The door closed behind them with the dull thud which baize-muffled doors give, and it seemed to her sounded the knell of her “flowery hopes,” as she herself grimly expressed it.

“Well, I say, Bon! I did think you had some snap! What’d a feller do if he hadn’t no more grit’n a girl, I’d like to know? Here, come on, I’ll show you. Let’s go over to the hotel there. That’s the Fifth Avenue, where rich folks stays. I’ve sold papers for Jeemsy there, sometimes. They’s a decent crowd goes in an’ out. Mebbe they ain’t all so horrid stingy as they ’pear ter be on this side. But, Bon! We’ll have ter come down on the price. They ain’t nobody, ’less he’s jest another such old man as Mr. Brook, goin’ ter pay such a pile as that fer posies—second-hand ones, too.”

“Robert, where did you get all this wisdom, and you but eight?”

“Oh! I’ve been around,” said Robert, with an inimitable little swagger, which brought a fleeting smile to Beatrice’s face.
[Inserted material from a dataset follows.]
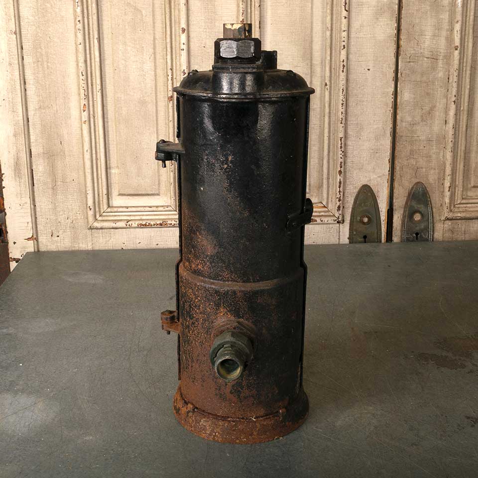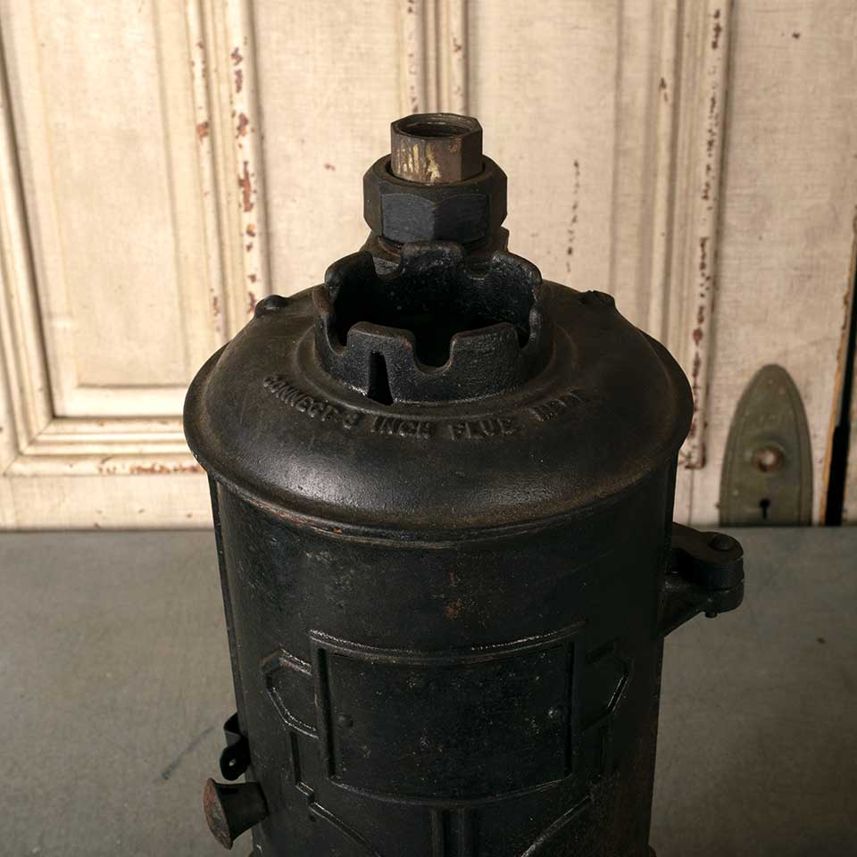 Architectural salvage antique cast iron tankless water heater measuring approx. 20" tall with a 7 1/2" diameter base. See photos to evaluate condition.
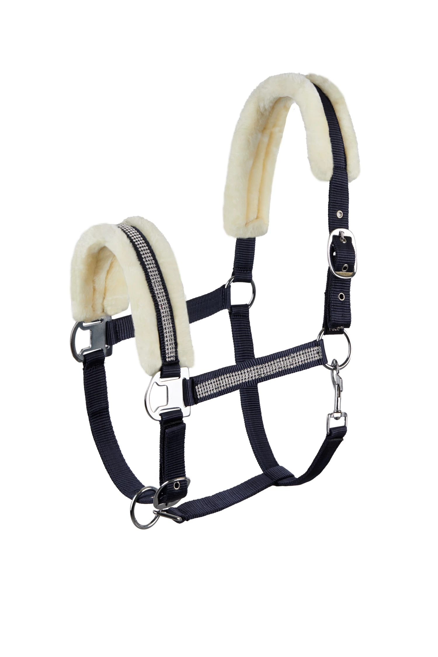 Luxurious soft faux fur at the nose and crown does not only look gorgeous but also makes it soft and comfortable for your horse to wear. The matching rhinestone detailing is eye catching and will be sure to get you compliments. The large snap fastener at the crown is easy and convenient to use. There is a buckle fastener and an adjustable nose strap to ensure you get just the right fit. All buckles and fastenings come in a shiny chrome finish.

“All right. Let’s try the hotel, that is, if the people will let us. I think I have heard that the curbstone merchants—as we are now, dear—have each a self-appropriated place with which he allows nobody else to interfere. We may get upon somebody’s ‘stand,’ but if we do, from our morning’s experience, I don’t fear but we shall be so informed.”

They did take their places opposite the entrance to the hotel, and so respectable and quiet-looking were they that nobody molested them; and as they were the only flower-sellers upon that corner they did after a while exchange some of their wares for cash; but it was, as Robert had advised, at a great reduction, and Beatrice was heartily discouraged. Worse than that, a feeling of regret that she had undertaken this thing without her mother’s knowledge and consent began to trouble her as it had not done while the first enthusiasm of unselfishness lasted.

“I wish—I wish I had not slipped out of the house, as if I were doing something wrong!” murmured the girl, half aloud.

“Hey?” asked Robert. “Ain’t it getting cold? Ginger! My toes is ’most froze. This ain’t half the fun newspapers is. A feller can keep warm that way. He can jump on street-cars, and off when the conductor catches him. Let’s go home!”

“You go, dear, if you are cold. I am not. That is I—I— No, I will not give up beaten this way. I will sell these flowers if—”

“You can!” interjected Robert, just in time to prevent Bonny’s making a very rash vow.